= Jacob K. Javits Fellowship =

Defunct academic support programme
The Jacob K. Javits Fellowship program formerly provided fellowships to students of superior academic ability—selected on the basis of demonstrated achievement, financial need, and exceptional promise—to undertake study at the doctoral and Master of Fine Arts level in selected fields of arts, humanities, and social sciences. The program stopped accepting applications as of fiscal year 2012.

== The Program ==
The Javits Fellowship program was highly competitive, with only 6-8% of applicants receiving funding in any given year.

The fellowship provided an institutional payment—which the fellow's institution accepts in lieu of tuition and fees—and a stipend based on the fellow's financial need as determined by the financial aid office using the student's FAFSA and the established cost of living in the area. In fiscal year 2007, the institutional payment was $12,627 and the maximum stipend was $30,000. For fiscal year 2008, the maximum stipend was $30,000, and the institutional payment was $12,891.
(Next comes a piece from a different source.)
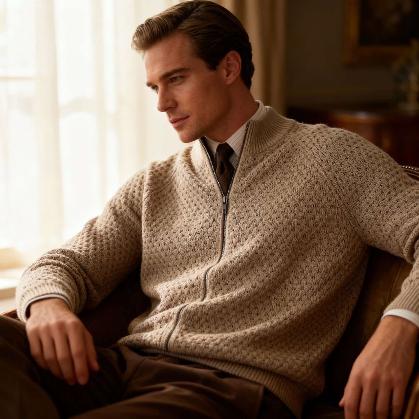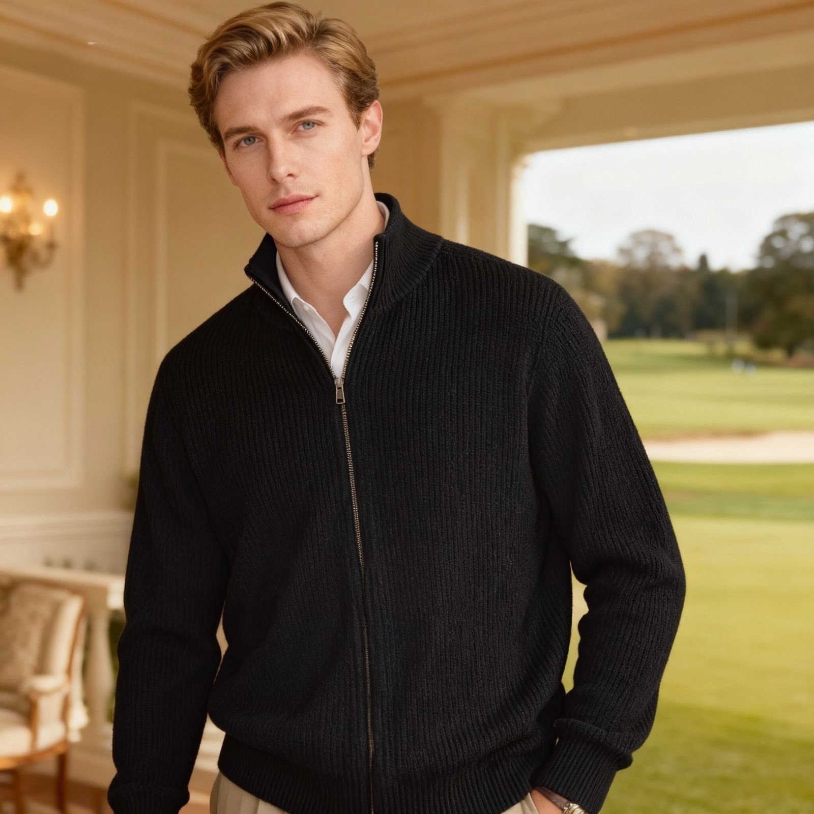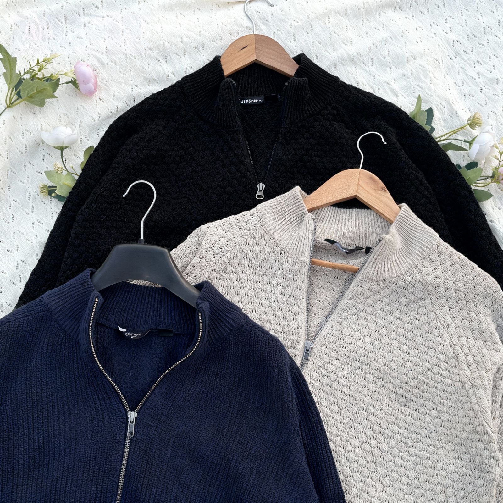 premium half zipper cable knit woollen full sleeve sweater

== Selected Fields of Study ==
=== Arts ===

Creative writing; Music Performance, Theory, Composition, and Literature; Studio Arts (including Photography); Television, Film, and Cinematography; Theater Arts, Playwriting, Screenwriting, Acting, and Dance.

=== Humanities ===

Archaeology; Area Studies; Classics; Comparative literature; English language and Literature; Folklore, Folklife; Foreign Languages and Literature; Less Commonly Taught Languages (Arabic, Chinese, Japanese, Korean, Russian, Hindi, Urdu, Sinhala, Bengali, Nepali, Punjabi, Marathi, Gujarati, Oriya, Assamese, Dari, Persian, Tajik, Kurdish, Pashto, Balochi, Turkish, Azerbaijani/Azeri, Kazakh, Kyrgyz, Turkmen, Uzbek, Uyghur, etc.); History; Linguistics; Philosophy; Religion*; Speech, Rhetoric, and Debate; and Art history.

=== Social Sciences ===

Anthropology; Communications and Media; Criminology; Economics; Ethnic and Cultural Studies; Geography; Political science; Psychology*; Public policy and Public administration; and Sociology*.
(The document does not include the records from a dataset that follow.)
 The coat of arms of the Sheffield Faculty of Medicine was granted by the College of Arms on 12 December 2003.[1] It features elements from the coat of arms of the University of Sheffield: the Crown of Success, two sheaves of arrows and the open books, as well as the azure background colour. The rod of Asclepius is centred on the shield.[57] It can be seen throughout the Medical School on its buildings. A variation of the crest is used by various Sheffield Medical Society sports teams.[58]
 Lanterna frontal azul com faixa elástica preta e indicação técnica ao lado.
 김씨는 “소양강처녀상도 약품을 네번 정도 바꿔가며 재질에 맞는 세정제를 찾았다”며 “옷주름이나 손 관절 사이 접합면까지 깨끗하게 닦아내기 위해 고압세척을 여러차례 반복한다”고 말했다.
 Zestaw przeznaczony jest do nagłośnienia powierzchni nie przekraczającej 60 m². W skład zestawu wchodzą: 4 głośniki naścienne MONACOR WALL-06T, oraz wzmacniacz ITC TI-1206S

- Fellowships cannot be used for students studying for a religious vocation, or for study for a Master's degree or Ph.D. in clinical psychology or social work.

== Administration and Funding ==

The Javits Fellowship program was administered by the U.S. Department of Education and governed by laws laid out in the Higher Education Opportunity Act (Public Law 110-315). Between 40 – 70 new fellowships were issued in any given year, with $9,500,000 - $10,000,000 available to support continuing and new fellows.